Why are we doing this project?

I don’t know who is making these priority calls. They don’t make any sense.

We’re so far removed from the customer, no one notices what we do.

During my review, I was encouraged to innovate more. I don’t know what that means.

Context and the “Walk In the Door” Test:

In workshop settings, I frequently poll participants on what I call, “The Walk In the Door Test.” It goes something like this: “When you walk in the door in the morning, can you connect your priorities to the strategic priorities of your firm (or business unit)?”

I’m never surprised, but always disappointed that only about half of the participants admit they CAN connect their priorities to the important issues of their firm. The rest are honest (and frustrated) enough to admit in public, that they struggle with understanding the context for their work.

A few weeks ago, a corporate trainer indicated to me: “I’m not certain what the managers want their people to get out of the program, but I’m going to train them anyways.” Too bad for the participants.

Beware Context Deficit Disorder:

The employees quoted above, the disconnected and under-informed trainer and my honest survey respondents all share one thing in common…they all suffer from Context Deficit Disorder (CDD).

Too many mediocre managers and lousy leaders send their teams into battle on a daily basis armed with nothing more than a “go get ‘em,” and a metaphorical slap on the back.  There’s no connection between the work and the key objectives of the firm or the pursuit of creating value for customers.

Think of the many mediocre (or worse) customer experiences you encounter in a typical week. There’s the inattentive server, the cashier who never makes eye contact, the grumpy phone support personnel or, my favorite, the guard dog receptionist you came up against at the doctor’s office.  They all lack proper context for their work.  (We’ll leave the doctor who rushes through your examination seemingly on a mission to set a new land-speed record for spending as little time as possible with patients, for another topic on another day!

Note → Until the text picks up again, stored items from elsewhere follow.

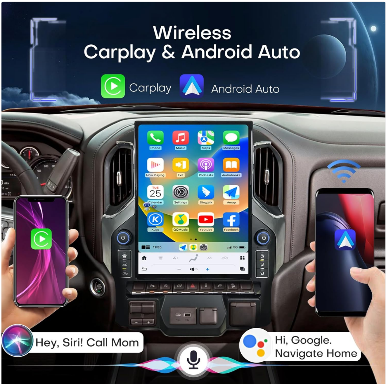
Figure 3.1: Wireless CarPlay and Android Auto Interface

Your browser does not support the video tag.
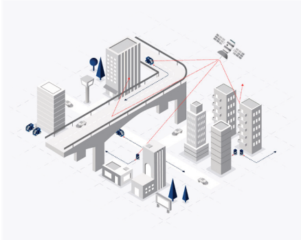
GNSS fails under bridges and near tall buildings
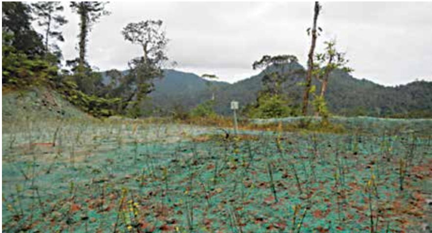
Rehabilitated site being replanted with ferns

The Namosi Joint Venture (NJV) has worked with local landowners and Government to plant more than 100,000 trees and ferns as part of a FJD $1.3 million Rehabilitation Action Plan.
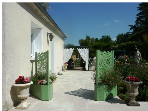
Big terrace, well-kept enclosed garden
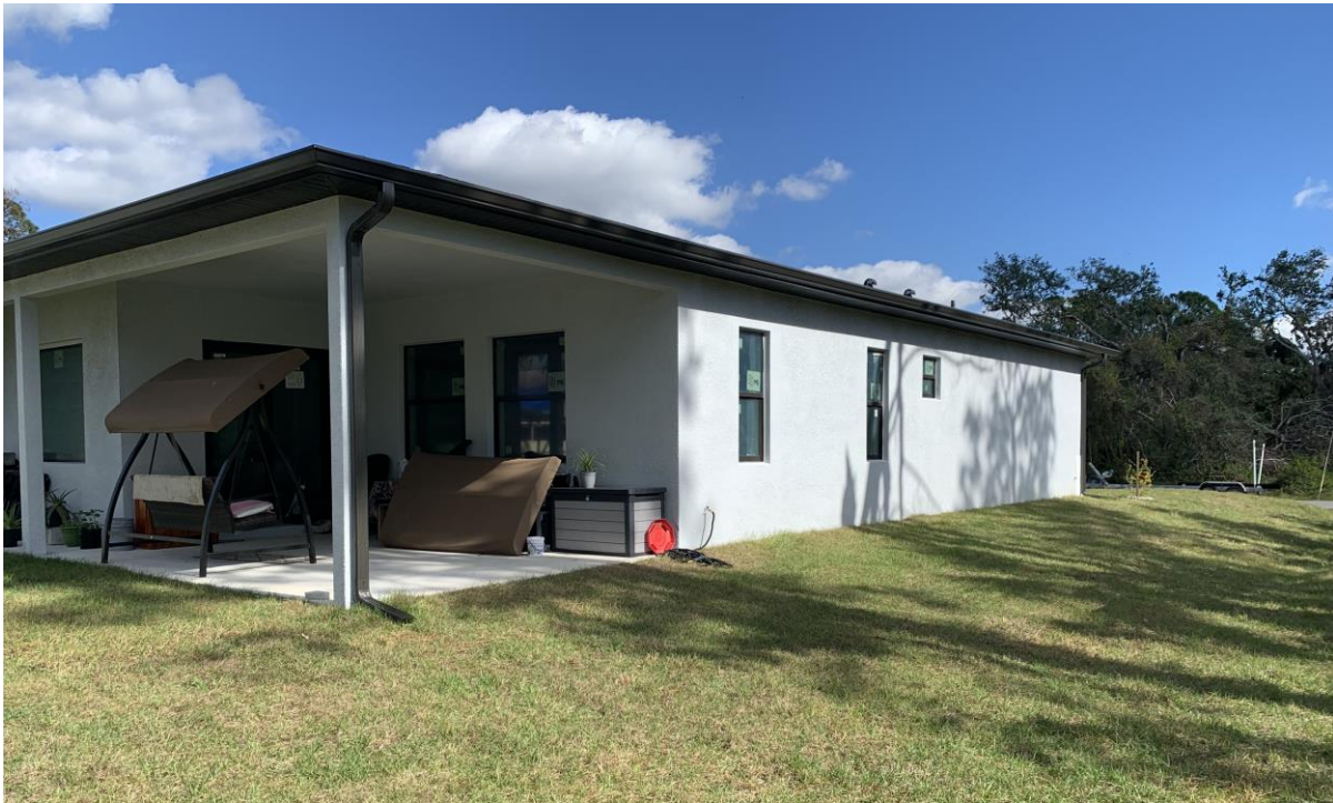
Photo 3 Caption Left View Date Taken 1/9/22

If submitting more photographs than will fit on the preceding page, affix the additional photographs below. Identify all photographs with: date taken; "Front View" and "Rear View"; and, if required, "Right Side View" and "Left Side View." When applicable, photographs must show the foundation with representative examples of the flood openings or vents, as indicated in Section A8.
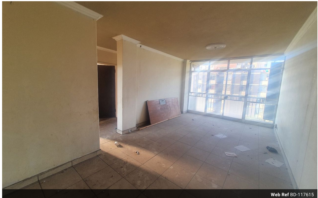
Web Ref BD-117615

Unit 6 & 8 Rotherfield Trust 23 Rotherfield Road Plumstead 7800
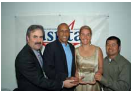
Facility of the Year Olympic Club
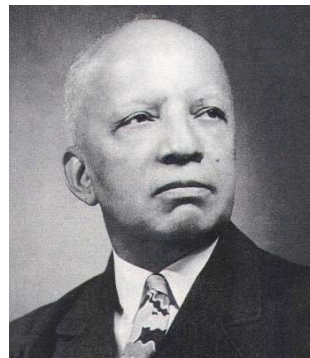
Carter G. Woodson

Black History Month was established in 1976 by Afro-Americans for the Study of Afro-American Life and History .
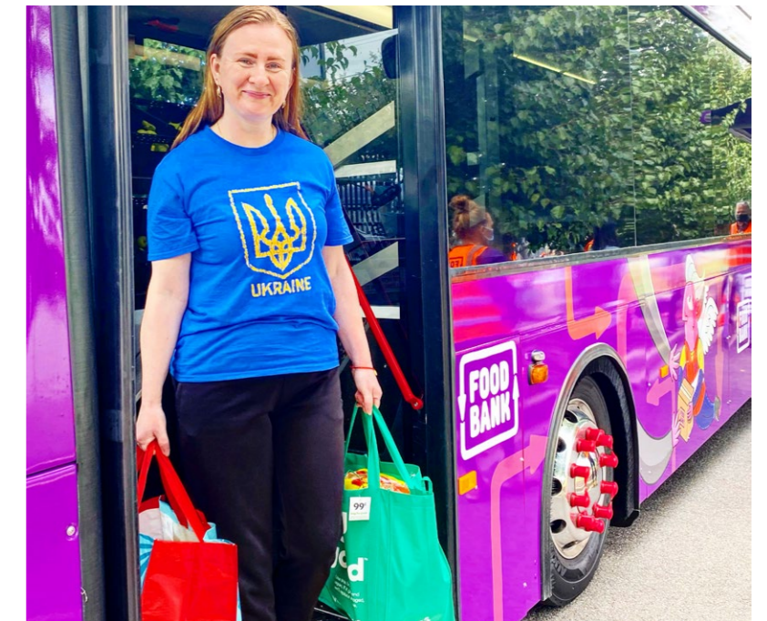
Foodbank VIC converted airport buses into mobile "supermarkets" taking nutritious food to struggling Victorians
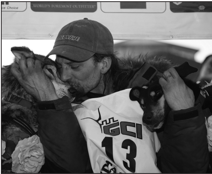
Nugget file photo 2007 IDITAROD— Lance Mackey won the 2007 Iditarod, the first of four wins.

These individuals lack context for the importance of their work and the impact they have on people who vote with their dollars and feet. I’ll dump the blame squarely on the shoulders of the managers who allow their people to engage with others without providing clarity for their mission and building in accountability for carrying it out in good form.

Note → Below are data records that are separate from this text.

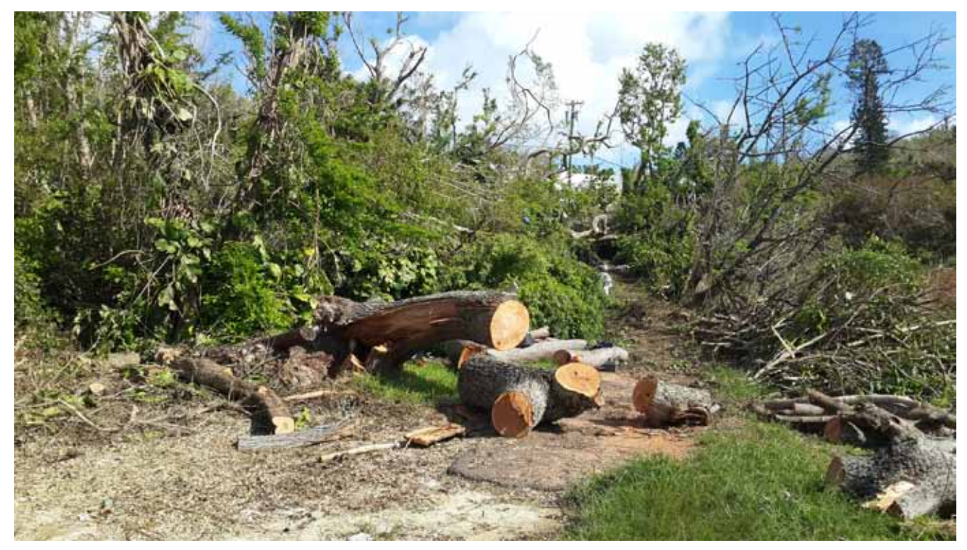
Clean-up in progress at the Trust's Paget Marsh reserve

The Bermuda Audubon Society, whose 60+ acres of nature reserves were similarly damaged, has had the help of professional landscaping firms, Sousa's and Horsfields.
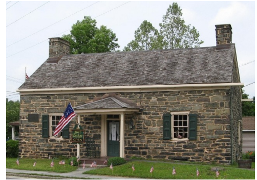
Fort Decker 127 West Main St. Port Jervis, NY 12771

Fort Decker needs re-pointing to stabilize the structure. To accomplish this Minisink Valley Historical Society is undertaking a year-long fundraiser. Three experts on historic masonry restoration have estimated a cost of $50,000 for full repair of the building.
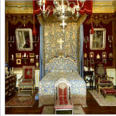
A Fixer-Upper the Sun King Would've Loved
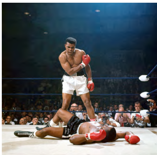
"Muhammad Ali Knocks out Sonny Liston" May 25, 1965

During the four-month exhibit, the free IRIS Nights lecture series will continue to be held inside the space on Thursday evenings. Expected speakers include Iooss, Leifer, notable athletes, sports commentators and others. Additional programs related to the exhibit will include a children’s photography contest, a themed group slideshow evening, photography workshops and a family event to be held the Saturday prior to Super Bowl Sunday, 2010. Details and final schedules will be announced later this Fall.
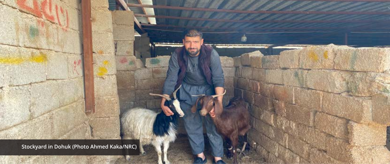
Stockyard in Dohuk
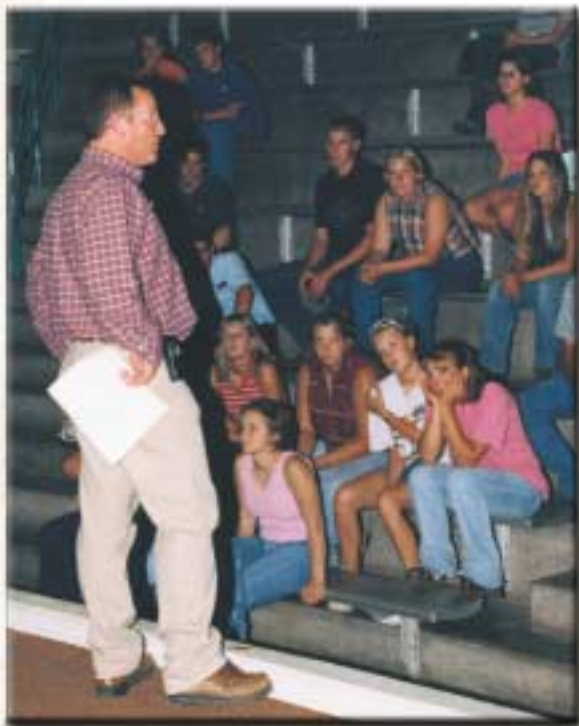
► Sixty-five juniors attend a briefing before they begin their duties as delegates to the National Junior Angus Association (NJAA) Annual Meeting. As state representatives, they use opportunities throughout the week to meet with candidates vying for positions on the NJAA Board of Directors. cb
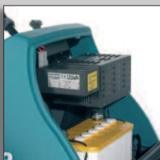
Standard on board charger
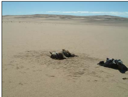
Floggy in the middle of nowhere

We downloaded 340 GPS positions from his collar. He spent some time at the Van Reenen Bay seal colony, but used an area approximately 30 km north-east to rest. He also visited the Kaukasib fountain regularly. On his last day, he walked a distance of 35 km from his resting site to the Kaukasib fountain and then towards the coast. From his movement data, we think that he was actually a nomadic living male, similar to Norbi, who died beginning of last year near the Koichab Pan. We are really sad, that we couldn't follow his life for longer, but nevertheless learned a lot from his last three weeks of life. At least he died of natural causes and was not hit by a vehicle as so many other brown hyenas.

Forget the Posters and Cheerleading and Instead, Provide Clear Context:

We waste fortunes inside our organizations on misguided programs and oddball incentives, seeking ways to motivate and inspire people to work hard, innovate, create, care and to live up to their potential, when the real solution is literally on the tip of our tongues.

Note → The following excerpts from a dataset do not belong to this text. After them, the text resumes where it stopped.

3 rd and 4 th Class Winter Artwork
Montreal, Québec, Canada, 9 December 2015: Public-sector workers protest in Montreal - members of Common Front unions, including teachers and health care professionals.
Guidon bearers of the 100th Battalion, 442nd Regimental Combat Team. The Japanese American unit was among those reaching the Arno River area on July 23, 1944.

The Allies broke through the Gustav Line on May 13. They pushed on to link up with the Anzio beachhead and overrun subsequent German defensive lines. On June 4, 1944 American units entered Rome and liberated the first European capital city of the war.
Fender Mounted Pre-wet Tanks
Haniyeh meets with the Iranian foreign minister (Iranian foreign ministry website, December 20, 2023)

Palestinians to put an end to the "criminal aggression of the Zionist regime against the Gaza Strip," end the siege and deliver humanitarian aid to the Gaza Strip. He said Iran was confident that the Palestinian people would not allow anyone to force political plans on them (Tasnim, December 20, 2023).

People do their best work when they understand how their work fits into the bigger picture. This is the critical context that fuels revolutions, promotes perseverance and encourages creativity. People working for a cause are exponentially more powerful than people working for a paycheck. Management by paycheck is little more than motivating people at the end of a gun barrel.  Alternatively, management by context creates a sense of purpose that is essential for tapping into people’s extra stores of energy and their best creativity.

Of course, context comes in many sizes and shapes. I don’t necessarily expect the front-line cashier to be familiar with the nuances of the firm’s strategies, however, I do expect this individual to have an absolutely clear understanding of how customers help the business go and grow. Alternatively, the project manager leading a major new development initiative must understand how the project fits into the firm’s future plans to open new markets, capture more customers and beat competitors.

While the level and detail of context may vary by position and mission, it must be present for everyone all of the time.

5 Ideas for Curing Context Deficit Disorder

1. Establish connectivity. Never ask someone to do something with out linking the request to a clear business rationale.

2. Create forums to improve understanding. Provide opportunities for the people doing the work to ask questions about the value of the work.

3. Create forums to improve understanding, part 2. Don’t keep the strategic issues locked in a drawer. Share liberally on the big picture issues in your market and with your customers and involve people in translating high-level goals into meaningful and connected front-line activities.   Help your people improve their “Walk in the Door Test” results!

4. Make metrics meaningful. If you are going to the trouble of developing scorecards and other systems of measurement, make certain you both share and explain the metrics to the people being measured.

5. Provide opportunities for the people doing the work to share ideas for improvement. And then let them implement these ideas.

The Bottom-Line for Now:

This topic reminds me of the old story about the workers moving a pile of rocks.  When asked what he is doing, the first worker indicates, “I’m moving this pile of rocks from here to there.” The second one is asked the same question and responds,  “I’m helping to build a cathedral.” I certainly know which one I want on my team.  Do your employees and team members see the future cathedrals in their work at your organization?